* DATA SUPPLIED
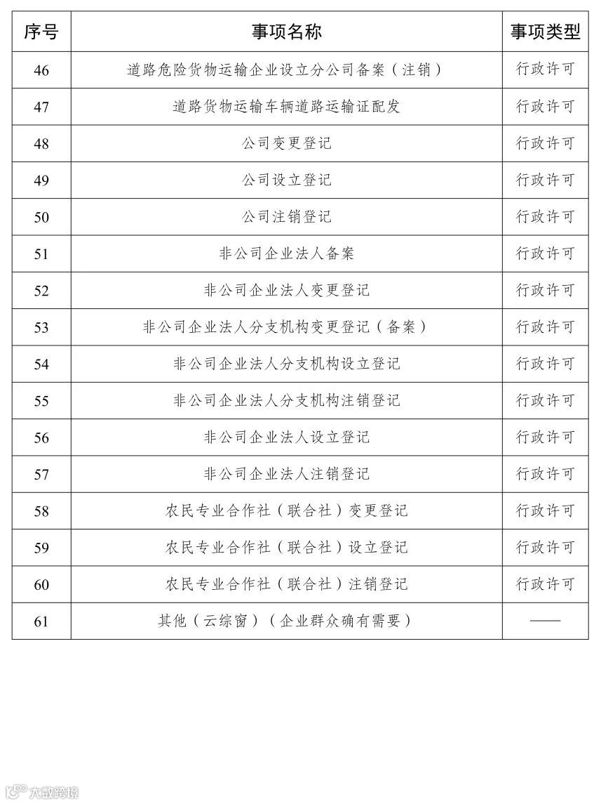 青白江区“云窗口”全域通办服务事项清单
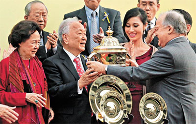 此外,身為亨亨前岳父的賭王何鴻燊,昨日巧合地現(xiàn)身馬場(chǎng),與嘉欣撞到。問賭王是否覺得嘉欣肚凸似有喜?他風(fēng)趣地說:“不知道是不是(有孕)嘍!我不會(huì)望女仔的肚子!
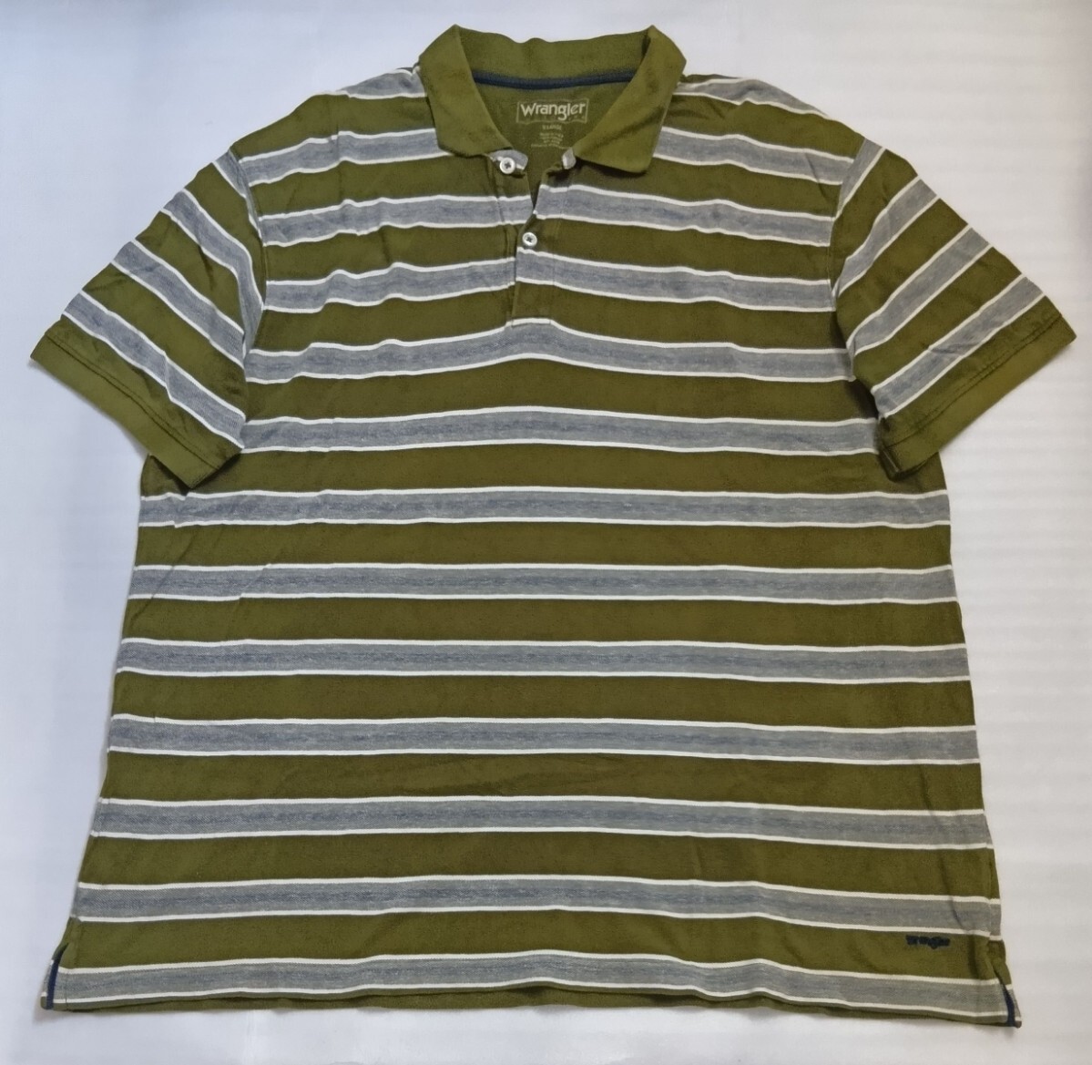 - ☆Wrangler サイズXL ポロ2つボタン半袖シャツ COTTONモス深緑色グリーンしましまスリット刺繍ワンポイント洗濯済 ラングラーJEANSジーンズ
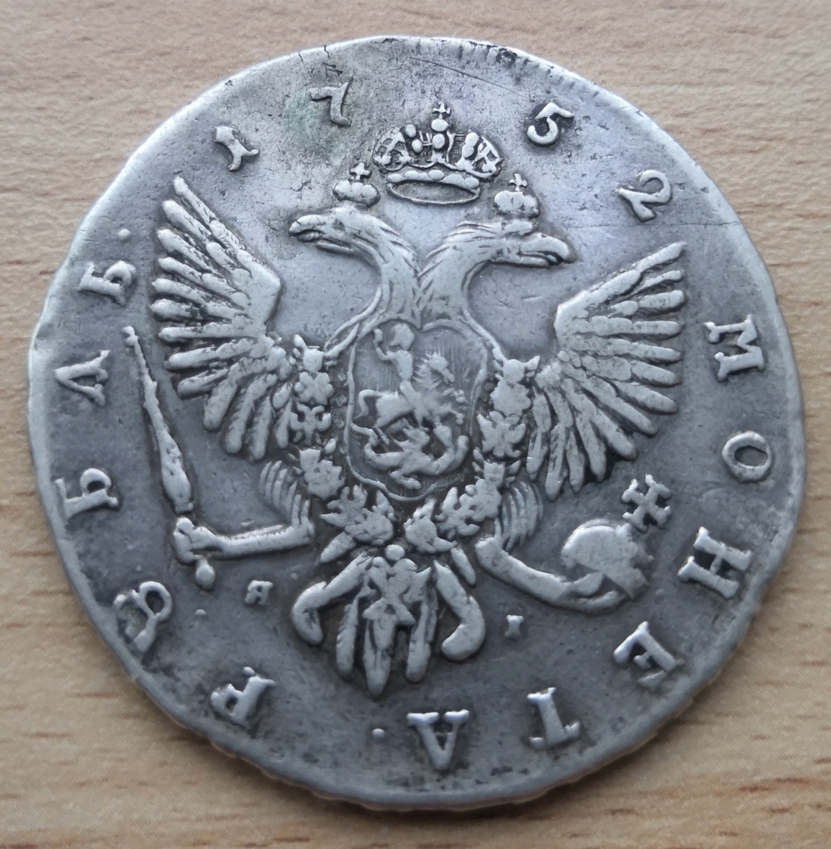 Рубль 1752 года Елизаветы Петровны — подлинная монета
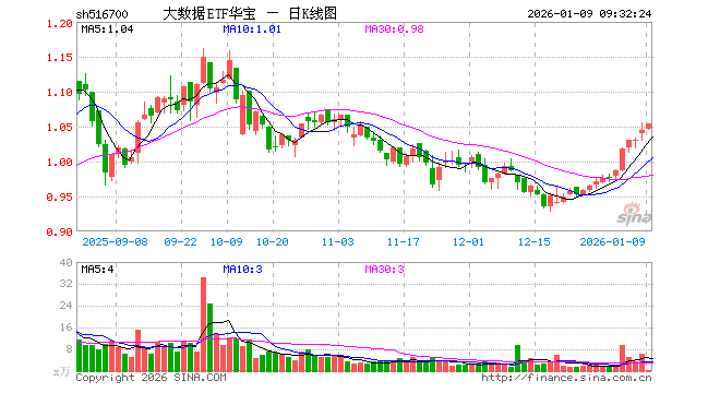 1月9日,大数据产业ETF(516700)开盘涨0.10%,报1.046元。大数据产业ETF(516700)重仓股方面,中科曙光开盘涨0.00%,科大讯飞跌0.49%,浪潮信息跌0.73%,紫光股份跌0.35%,恒生电子跌0.06%,拓维信息跌1.78%,润泽科技涨4.01%,中国长城涨0.20%,用友网络跌0.72%,深信服跌0.47%。
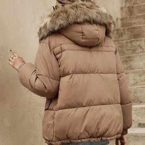 Tan Preppy Womens Flap Pocket faux fur Hooded Puffer Coat
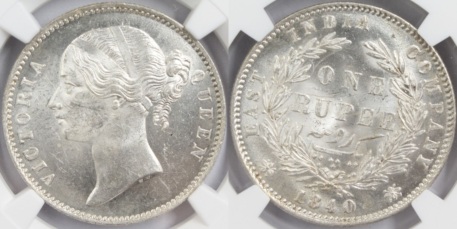 1840 India (C or B) Silver Rupee Coin NGC MS 63

* TASK BRIEF
A word-for-word copy of the lines from the one with "- ☆Wrangler サイズXL" through the final line of the listing above is the whole answer, and it contains no pictures.

* ANSWER TO THIS PROBLEM
 - ☆Wrangler サイズXL ポロ2つボタン半袖シャツ COTTONモス深緑色グリーンしましまスリット刺繍ワンポイント洗濯済 ラングラーJEANSジーンズ
 Рубль 1752 года Елизаветы Петровны — подлинная монета
 1月9日,大数据产业ETF(516700)开盘涨0.10%,报1.046元。大数据产业ETF(516700)重仓股方面,中科曙光开盘涨0.00%,科大讯飞跌0.49%,浪潮信息跌0.73%,紫光股份跌0.35%,恒生电子跌0.06%,拓维信息跌1.78%,润泽科技涨4.01%,中国长城涨0.20%,用友网络跌0.72%,深信服跌0.47%。
 Tan Preppy Womens Flap Pocket faux fur Hooded Puffer Coat
 1840 India (C or B) Silver Rupee Coin NGC MS 63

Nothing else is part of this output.